*** Opening AVAILABLE DATA ***
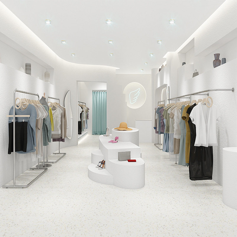 Clothing store display rack with wheels stainless steel golden island display side hanging floor-to-ceiling formal hanging women's clothing store shelf
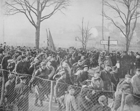 | On Nov. 17, 1918, the 5th and 6th Marines, 2nd Div., commenced their march to the Rhine, passed through Belgium and are now, Nov. 23, passing through Medernach, Luxembourg. The old slogan, "The 2nd Div. has never failed to impose its will upon the enemy," still stands undisputed. |
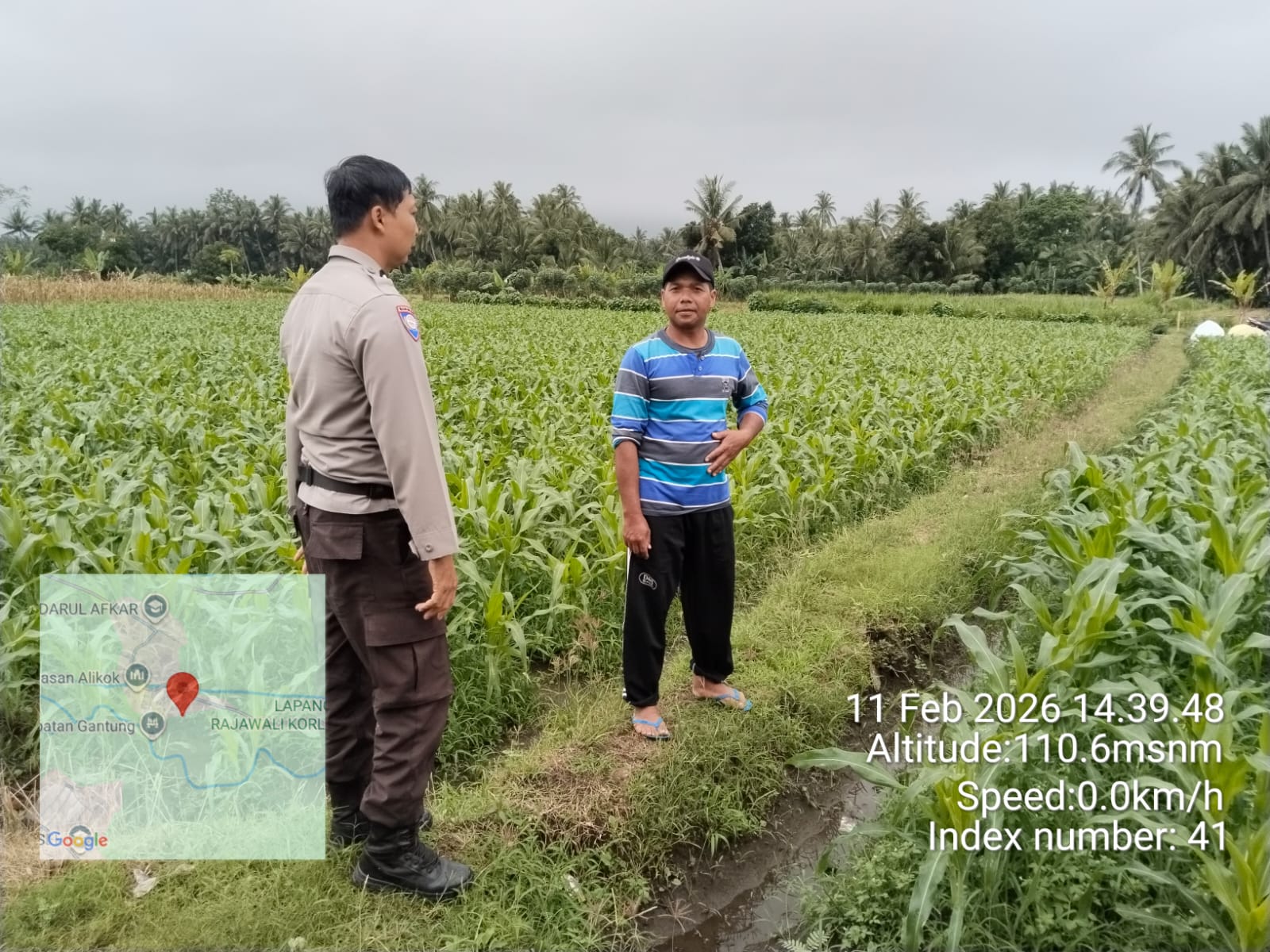 Lombok Timur – Bhabinkamtibmas Desa Korleko Polsek Labuhan Haji, Aiptu Alwan Husnayadi, melaksanakan kegiatan pengecekan lahan tanaman jagung milik warga binaannya di Dusun Lekok, Desa Korleko, Kecamatan Labuhan Haji, Kabupaten Lombok Timur sekitar pukul 14.15 WITA. Rabu (11/2/2026).
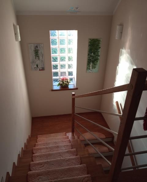 W domu znajdują się trzy sypialnie, salon, gabinet, otwarta kuchnia, dwie łazienki, holl, taras, balkony, pomieszczenia gospodarcze, piwnica.
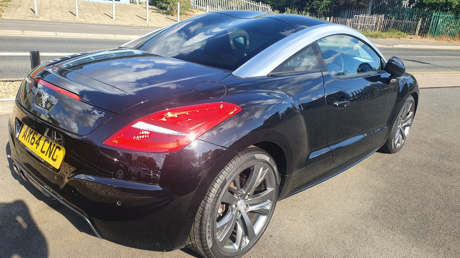 HERE WE HAVE AN EYE CATCHING PEUGEOT RCZ HDI GT TURBO DIESEL SPORTS HATCHBACK FINISHED IN GLOSS BLACK WITH SILVER ROOF SECTION AND GLASS TINTED REAR WINDOW LOVELY GREY MULTI FIN ALLOYS 6 MANUAL LEATHER INTERIOR RECENT CAMBELT CHANGED
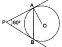 In the given figure, PA and PB are two tangents to the circle with center O. If ∠APB = 60° then ∠OAB is
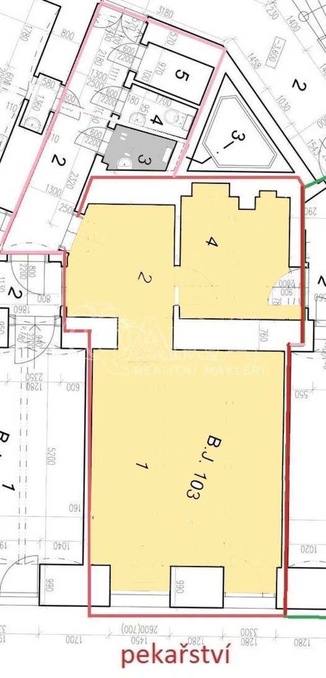Prostor má výměru 46 m2 a sestává se ze tří místností (v plánku označeno žlutě) - prodejny (24 m2) a 2 zadních místností (po asi 7 m2). Toaleta s umyvadlem, malý sklad a chodba je ve společném užívaní s dalším nebytovým prostorem. Prostor prošel částečnou rekonstrukcí - rozvody elektřiny, vody, odpadu, omítek.
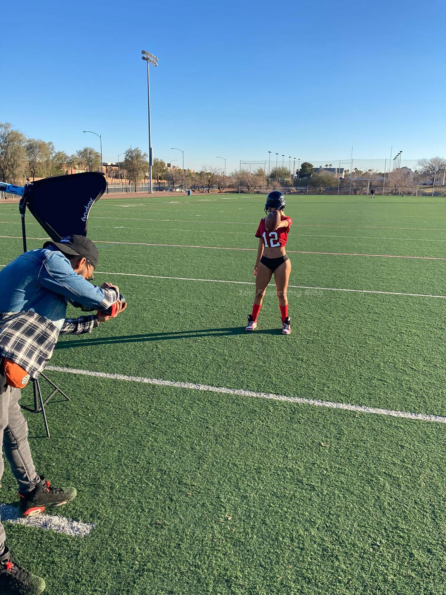 A modelo loira não tomou riscos com seu equipamento de segurança enquanto fazia um ensaio fotográfico divertido – mas acabou rindo ao perceber que seu capacete era para beisebol, não para a NFL!
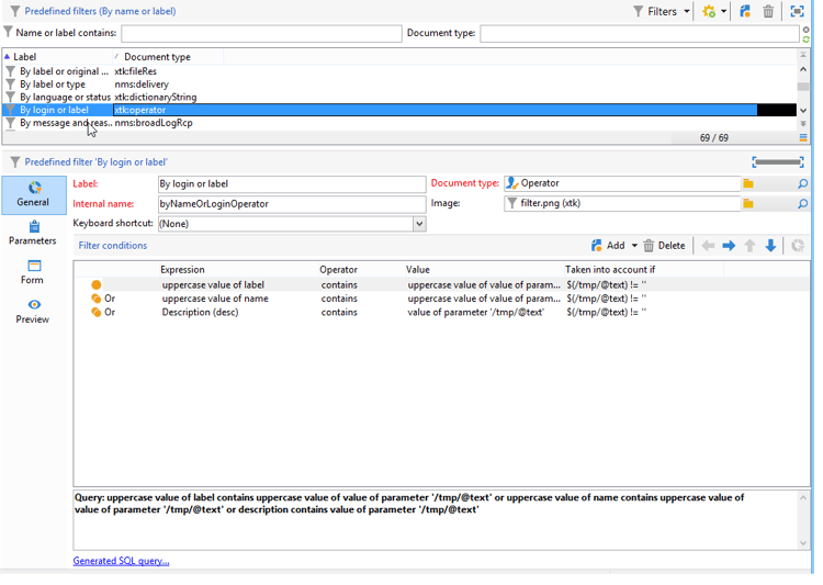 管理/設定/定義済みフィルター ノードには、デフォルトのフィルターがすべて含まれています。 一部は、リストや概要で使用されます。 組み込みの定義済みフィルター の詳細を説明します。
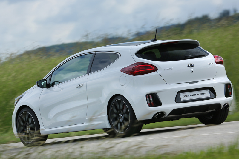 Fianco a fianco sulle linee di Zilina Le GT escono dallo stesso impianto di produzione di Zilina (in Slovacchia) nel quale vengono realizzate, fra le altre, tutte le versioni della gamma cee’d. In comune con le altre versioni cee’d, la GT conserva le misure di lunghezza (4310 mm), larghezza (1780 mm) e passo (2650 mm). Nel caso delle pro_cee’d GT, la linea del tetto è più bassa (1430 mm) e il montante B è arretrato; cambiano quindi i pannelli della fiancata, i vetri laterali, il portellone, le luci posteriori e lo scudo paraurti.
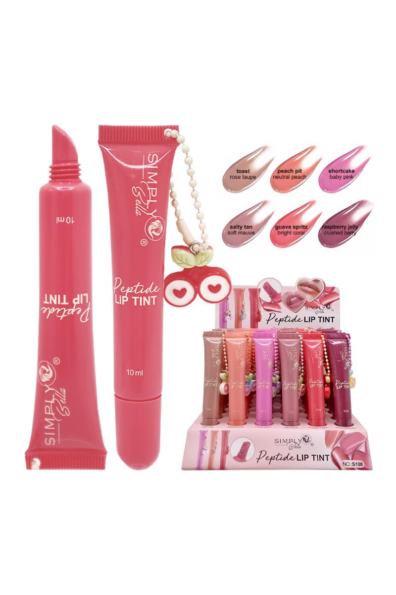 Simply Bella S108 Peptide Lip Tint With Charms. A vibrant, moisturizing lip product that combines rich color with nourishing care. Infused with peptides, this tint helps to keep lips smooth and hydrated while delivering long-lasting, buildable pigment. The creamy, non-sticky formula glides on effortlessly for a soft, glossy finish that enhances natural lip tone. Assorted in a range of six flattering shades including rose taupe, neutral peach, baby pink, soft mauve, bright coral, and crushed berry, there's a color for every mood and occasion. Its compact tube packaging with a slanted applicator makes it easy to apply on the go, and the adorable cherry charm adds a playful touch to any beauty routine. Perfect for daily wear. 36 pcs in display.
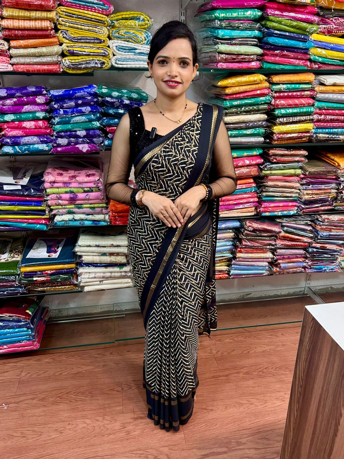 Product Description: Fancy Georgette Saree Foil Print With Self Pain Blouse
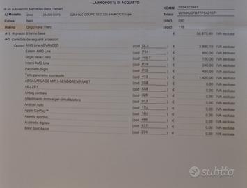 Ciao, sono Giorgio di PGautomotive.it ho ispezionato e provato quest'auto. Tutte le informazioni che leggi nella scheda del veicolo sono state da me verificate personalmente. Per qualsiasi altra informazione o per un test drive puoi scrivermi su WhatsApp oppure contattami al - VISIBILE SOLO SU APPUNTAMENTO - GARANZIA UFFICIALE MERCEDES di 2 anni (scadenza Gennaio 2028) estendibile La Mercedes GLC Coupè 220d è la suv medio-grande della casa tedesca. A fronte di un prezzo di listino in questa versione AMG Line Advanced di circa 92.000€ si ottiene un’auto comoda, scattante e che consuma poco, oltre che elegante e molto ben rifinita. Pari al nuovo con solo 3 mesi di vita e circa 1.500 chilometri percorsi. Ottimo l’equipaggiamento che comprende oltre al pacchetto AMG Line Advanced, il Tetto panoramico scorrevole, gli interni in pelle e tantissimo altro consultabile dettagliatamente nelle foto sul nostro sito PGautomotive.it Auto pari al nuovo ! IVA ESPOSTA Per avere una una visione più approfondita e dettagliata della vettura ti consiglio di cercare l’annuncio sul nostro sito PGAUTOMOTIVE.IT
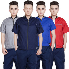 棒球服夏季短袖工作服套装男女劳保服汽修服工厂车间上...
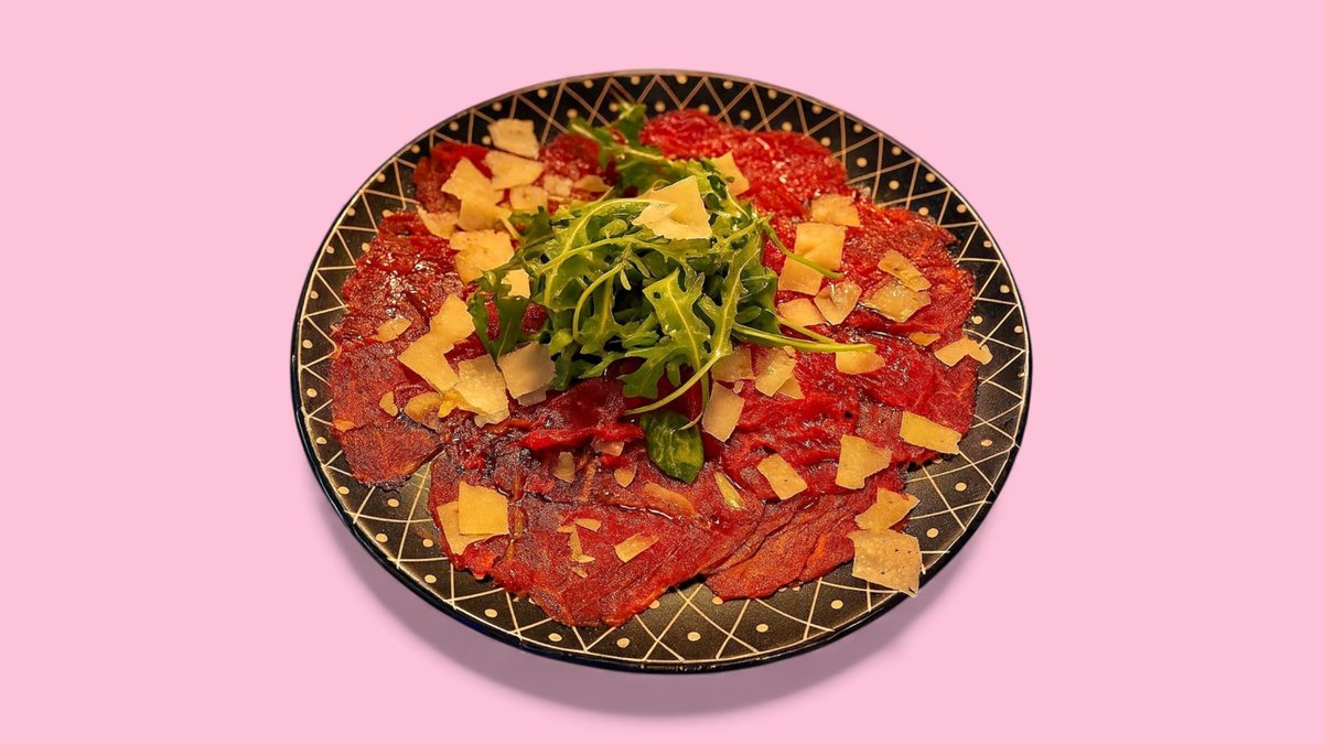 Finely sliced beef carpaccio with arugula, Parmesan cheese, olive oil and lemon
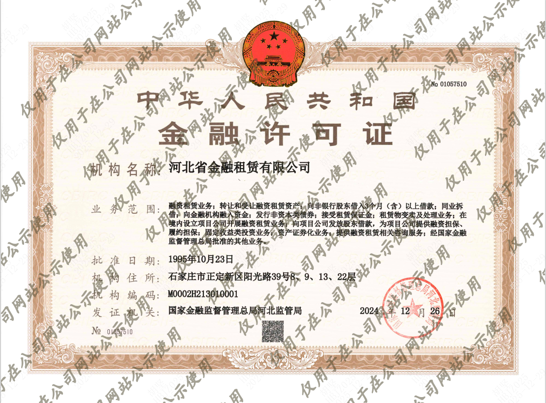 根據(jù)《國家金融監(jiān)督管理總局辦公室關于加強銀行保險機構許可證管理的通知》(金辦便函〔2023〕515號)文件要求,河北省金融租賃有限公司于2024年12月26日換領新《中華人民共和國金融許可證》,現(xiàn)予以公示。
*** Closing AVAILABLE DATA ***
WHAT THE TASK REQUIRES: What is needed is a word-for-word copy of the lines from the start of the data to the line with "HERE WE HAVE", inclusive, with no pictures in it.

OUTPUT BELOW:
 Clothing store display rack with wheels stainless steel golden island display side hanging floor-to-ceiling formal hanging women's clothing store shelf
 | On Nov. 17, 1918, the 5th and 6th Marines, 2nd Div., commenced their march to the Rhine, passed through Belgium and are now, Nov. 23, passing through Medernach, Luxembourg. The old slogan, "The 2nd Div. has never failed to impose its will upon the enemy," still stands undisputed. |
 Lombok Timur – Bhabinkamtibmas Desa Korleko Polsek Labuhan Haji, Aiptu Alwan Husnayadi, melaksanakan kegiatan pengecekan lahan tanaman jagung milik warga binaannya di Dusun Lekok, Desa Korleko, Kecamatan Labuhan Haji, Kabupaten Lombok Timur sekitar pukul 14.15 WITA. Rabu (11/2/2026).
 W domu znajdują się trzy sypialnie, salon, gabinet, otwarta kuchnia, dwie łazienki, holl, taras, balkony, pomieszczenia gospodarcze, piwnica.
 HERE WE HAVE AN EYE CATCHING PEUGEOT RCZ HDI GT TURBO DIESEL SPORTS HATCHBACK FINISHED IN GLOSS BLACK WITH SILVER ROOF SECTION AND GLASS TINTED REAR WINDOW LOVELY GREY MULTI FIN ALLOYS 6 MANUAL LEATHER INTERIOR RECENT CAMBELT CHANGED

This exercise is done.